Wyoming U.S. Sen. Enzi late on property taxes, too

2013-08-06T20:01:00Z 2013-08-07T06:15:04Z Wyoming U.S. Sen. Enzi late on property taxes, tooBy KYLE ROERINK Casper Star-Tribune The Billings Gazette
August 06, 2013 8:01 pm  • 

CASPER, Wyo. — Wyoming Sen. Mike Enzi made three delinquent property tax payments in Wyoming as a U.S. senator, according to records from the Campbell County Assessor’s Office.

Enzi began the first of his three terms as a U.S. senator in 1996 after serving as Gillette mayor and a state legislator. County records show that he and his wife, Diana, were late on property tax payments on his currently assessed $211,658 Gillette home in 1999, 2000 and 2008. Enzi’s property tax payment history surfaced a week after The Associated Press uncovered the delinquent property tax records of the $1.6 million Teton County home owned by Liz Cheney, Enzi’s challenger for the 2014 Republican primary.

“Senator Enzi and Diana have been paying property taxes in Wyoming for 40 years; if they were ever late on a payment, they paid the bill in full with interest,” said Coy Knobel, communications director for Enzi.

Enzi was more than two months late on paying the first half of his property taxes in 1999, accruing a $13.39 interest fee. He paid the year’s worth of taxes all at once on Jan. 28, 2000.
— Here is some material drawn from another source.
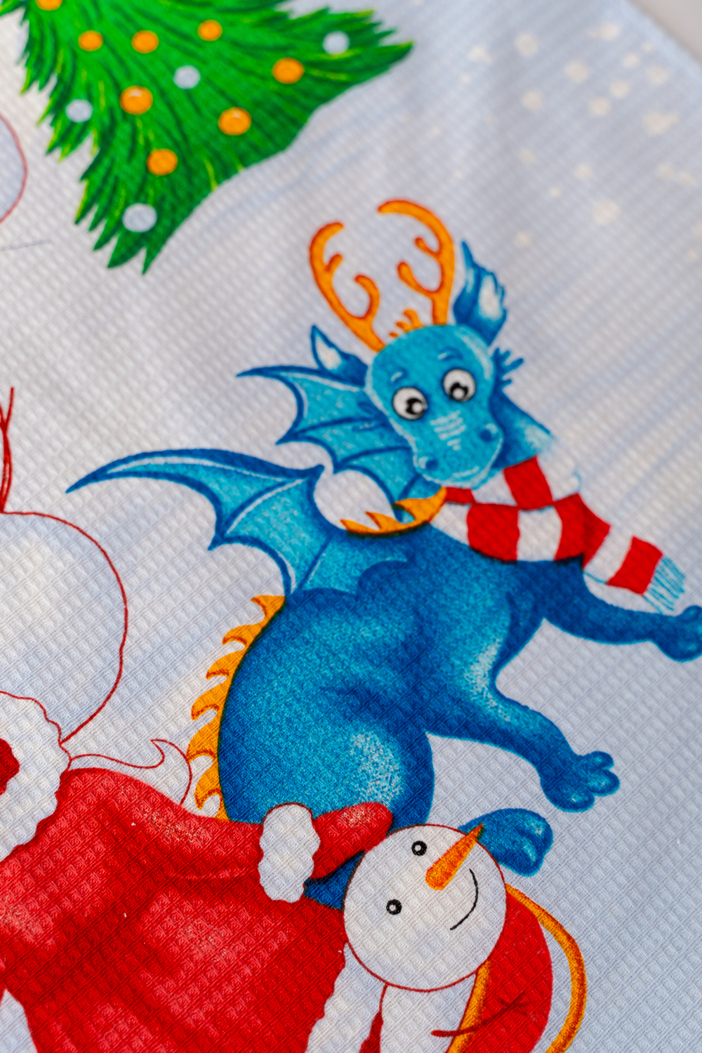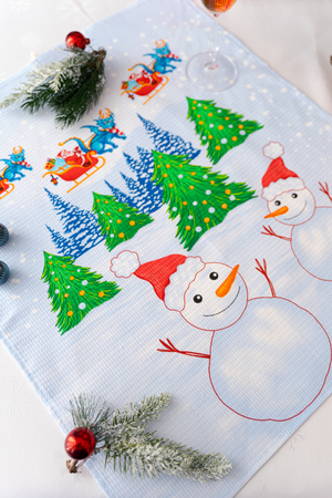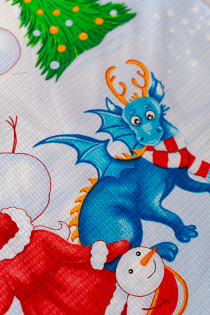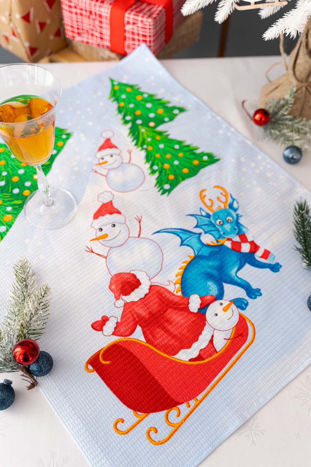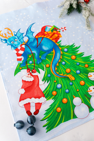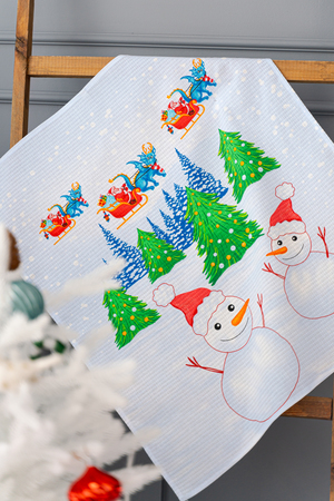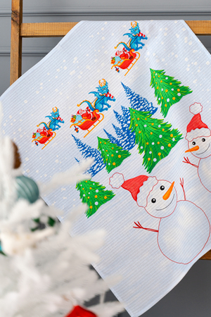 Набор из трех кухонных полотенец Новогодние забавы отличное решение в качестве подарка для близких на Новый год. Вафельные полотенца с новогодним рисунком и символом 2024 года украсят ваш дом и наполнят кухню атмосферой волшебства и подарят праздничное настроение. На изделиях нарисован забавный дракон и снеговики. К каждому полотенцу пришита петелька.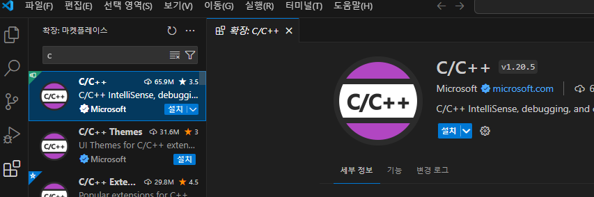 마찬가지로 Extensions에서 C/C++ Extension을 설치해줍니다.

He was nearly three months delinquent on the second payment for his 2000 property taxes and was charged $15.90 in interest, paying the fee Aug. 8, 2001.

From 2001 to 2007 the senator paid in advance, but he was late by 15 days in 2008 and had to pay $4.87 in interest.

Campbell County residents are frequently delinquent, said County Treasurer Shirley Study.

“It happens a lot,” she said.

In mid-July there were more than 1,000 delinquent payments in the county, Study said. That number dropped to 495 this month, she said.

Property tax notices are issued to Campbell County residents once a year. Residents have the option of splitting the fee into two payments per year: the first by Nov. 10 and the second by May 10 of the following year. If residents fail to make the November deadline but pay in full by Dec. 31, they are charged no interest.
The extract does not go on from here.